Sunday, May 4, 2008

I'm gobbling up Shallow Grave. I'm especially digging the way Swede Kristian Matsson (The Tallest Man on Earth) deftly conflates images of purple mornings and heathery meadows and anything else that would make Thoreau's dick hard with simple, big-boy themes. On the album's title track, we find him poised before a body of water, pockets filled with stones. Maybe the tossed stones will discover the water's dark secret; they also hint at the stones used to weigh the buoyant secret down. Or maybe it's just a standard nostalgia exercise, an adult reflecting on the passing of his childhood -- the referenced "shallow grave" reserved for his days of peach-fuzzy cheeks, rock-throwing idle (idyll), and cheese macaroni. You know, those cheese macaroni suppers enjoyed on paper plates, when you were camping and sitting under the trees and the pine needles fell onto your plate, forcing you to pick through the molten cheese to dig out the needles.

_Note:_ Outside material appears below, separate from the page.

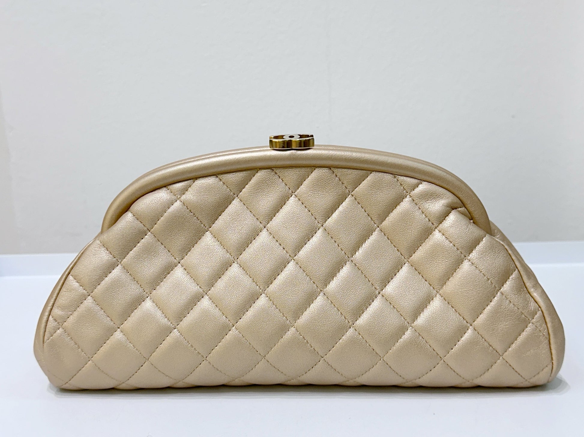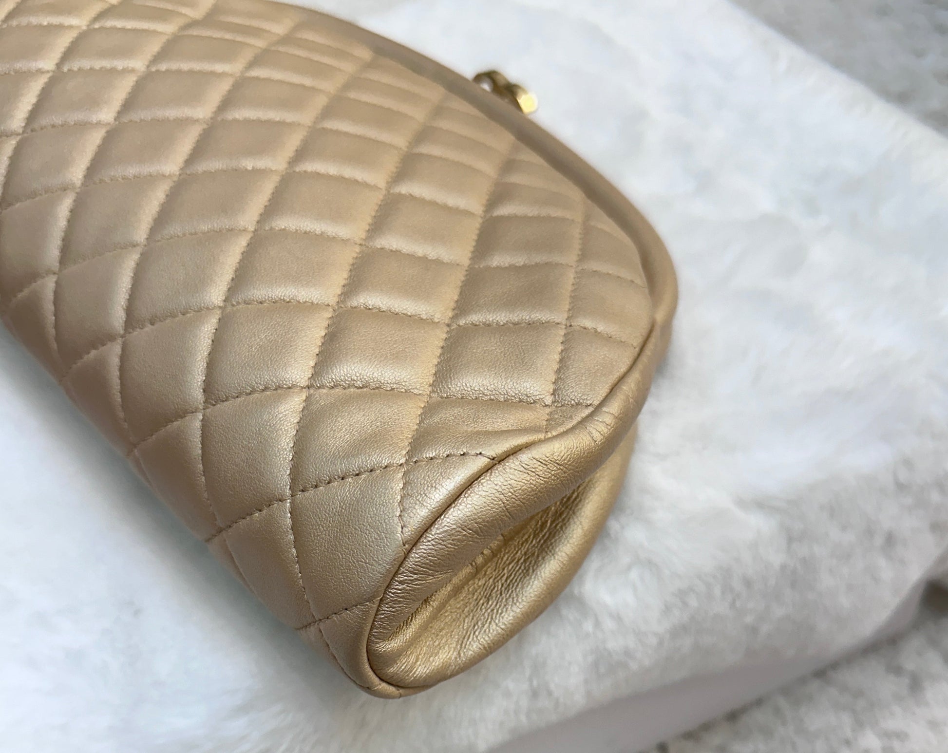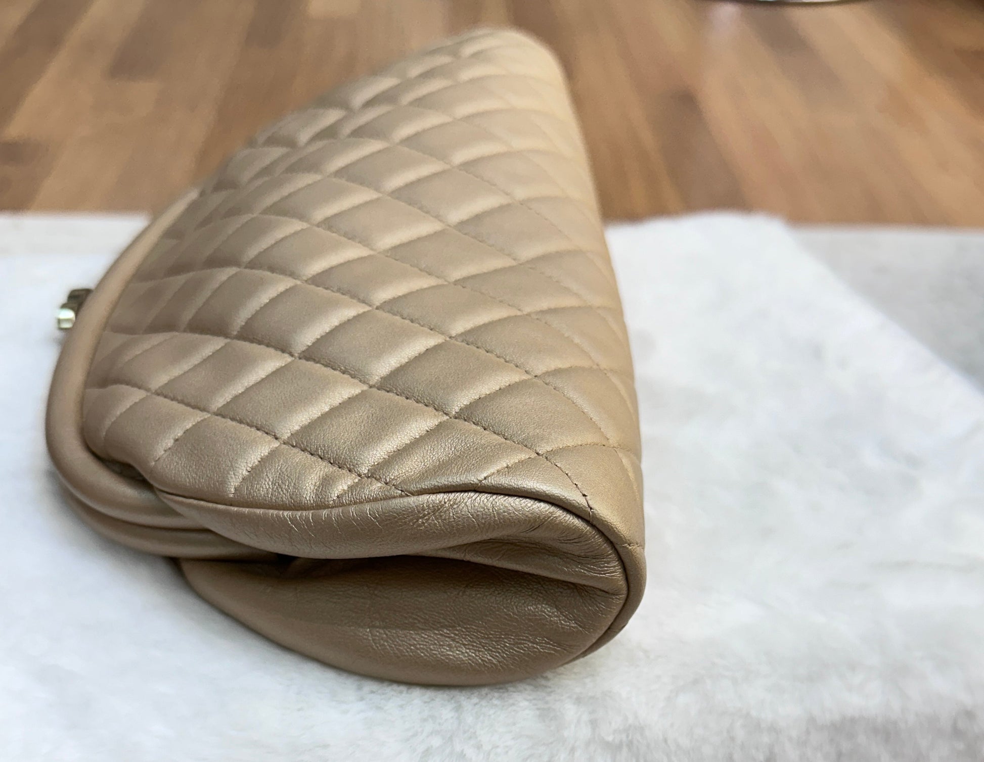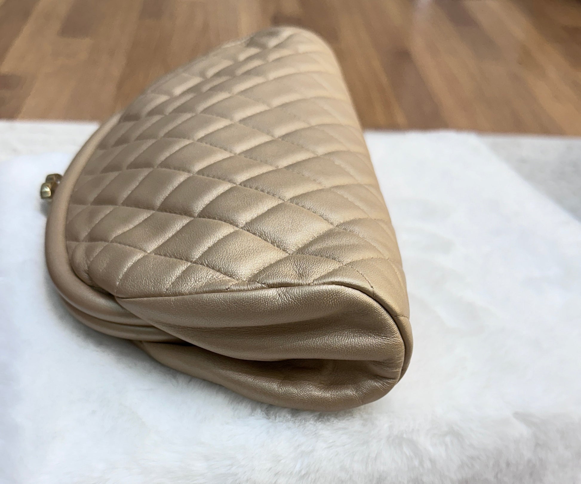 Chanel Quilted Champagne Half-Moon Clutch Bag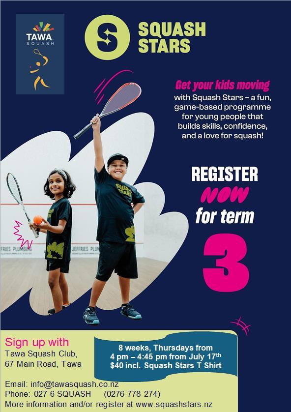 Squash Stars is Squash NZ’s new introductory programme for juniors, designed to introduce 5-12 year old children to squash through fun, game-based activities that build fundamental … View moreSTARTING JULY 17TH, 4PM.

During this song's opening, we hear pretty birds chirping. Other tracks like "The Sparrow and the Medicine" rise and fall to bass-drum accents provided by a tapping foot. Such DAT-machine touches give the album even more of an organic flair. Matsson's earthy mountain folk is quite a departure from the recent product to come off the ever-churning Swede pop assembly line. Among his songwriting countrymen and cheese macaroni eaters, Matsson casts a long shadow.